For example, as shown in the plots below, including metadata increases the average recall@3 by 0.42. This demonstrates that contextualizing tables with relevant metadata is crucial for effective retrieval. The metadata provides additional context that helps the embedding models better understand the relevance of the table to a given query.

Results of retrieval experiments on the FeTaQA1 dataset. The number of row samples included in the serialization is shown on the x-axis, the y-axis shows the retrieval performance measured by recall@3.
Row count counts
The number of rows included in the serialization has a large impact on the retrieval performance. In settings where no metadata is included, embedding more rows generally improves retrieval performance, but with diminishing returns. Most models show little improvement when including more than 10 rows.
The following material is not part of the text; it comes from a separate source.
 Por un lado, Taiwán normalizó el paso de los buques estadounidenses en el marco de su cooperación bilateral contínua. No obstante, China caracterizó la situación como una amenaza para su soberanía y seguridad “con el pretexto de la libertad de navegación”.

Looking at the setting with metadata shows stark differences between embedding models. For some long-context embedding models like gte-large-en-v1.5, retrieval performance continues to improve as more rows are included. This suggests that these models are well equipped to handle larger inputs and can leverage the additional information provided by more rows. Less capable embedding models like jina-embeddings-v2-base-en show deteriorating retrieval performance with more rows, suggesting a loss of contextual information in the embeddings.
This highlights the importance of carefully selecting the number of rows to include in the serialization, depending on the capabilities of the embedding model being used.
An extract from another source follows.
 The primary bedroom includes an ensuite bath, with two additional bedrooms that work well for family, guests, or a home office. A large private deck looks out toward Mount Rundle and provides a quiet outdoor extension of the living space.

Experimental results on the OTTQA3 dataset.
Not all embedding models are created equal
Our experiments also reveal that different embedding models exhibit varying sensitivities to the serialization parameters. For instance, stronger models like gte-large-en-v1.5 perform well when combining a small sample of rows with meaningful metadata, while other models like jina-embeddings-v2-base struggle with this combination.
This sensitivity to serialization parameters is highly model-dependent, and there is no single “best” parameter combination that generalizes across all models. Achieving the best performance requires thorough experimentation with each embedding model to identify the optimal serialization strategy.
For example, the plots above show how different models respond to the inclusion of metadata and varying row counts. Some models benefit from adding rows alongside metadata, while others show performance degradation, suggesting a loss of contextual information in the embeddings.
Conclusion
Our experiments demonstrate that the design of table serializations has a significant impact on retrieval performance. Including contextual metadata, carefully selecting the number of rows, and tailoring the serialization strategy to the specific embedding model are all critical factors in achieving optimal results. Additionally, context-length constraints need to be taken into consideration. While we take a first step in exploring table serialization through our experiments, further research in this area is needed.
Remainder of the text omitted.